I'm装盘重现这种混合example但使用较少的变量,这部分工作得很好:
import pulp
from pulp import *
# Creates a list of the Ingredients
Ingredients = ['CHICKEN', 'BEEF', 'MUTTON', 'RICE']
# A dictionary of the costs of each of the Ingredients is created
costs = {'CHICKEN': 15,
'BEEF': 12,
'MUTTON': 17,
'RICE': 12
}
# A dictionary of the protein percent in each of the Ingredients is created
proteinPercent = {'CHICKEN': 17,
'BEEF': 2,
'MUTTON': 16,
'RICE': 8
}
# A dictionary of the fat percent in each of the Ingredients is created
fatPercent = {'CHICKEN': 10,
'BEEF': 14,
'MUTTON': 13,
'RICE': 16,
}
# Create the 'prob' variable to contain the problem data
prob = LpProblem("The Whiskas Problem", LpMinimize)

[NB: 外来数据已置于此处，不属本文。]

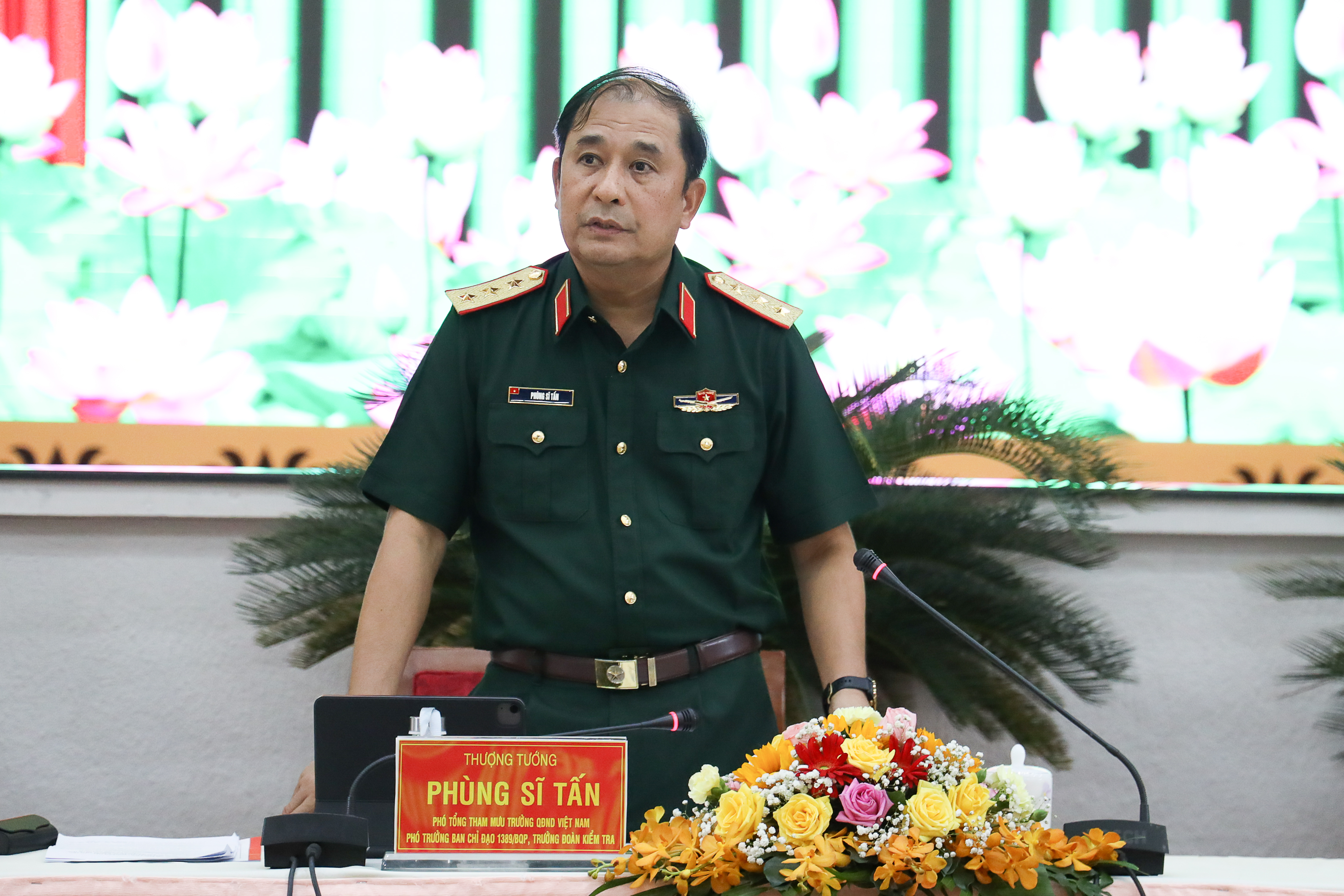 Thượng tướng Phùng Sĩ Tấn, Phó Tổng Tham mưu trưởng Quân đội nhân dân Việt Nam, Phó trưởng Ban Chỉ đạo 1389 Bộ Quốc phòng phát biểu.

# A dictionary called 'ingredient_vars' is created to contain the referenced Variables
ingredient_vars = LpVariable.dicts("Ingr",Ingredients,0)
# The objective function is added to 'prob' first
prob += lpSum([costs[i]*ingredient_vars[i] for i in Ingredients]), "Total Cost of Ingredients per can"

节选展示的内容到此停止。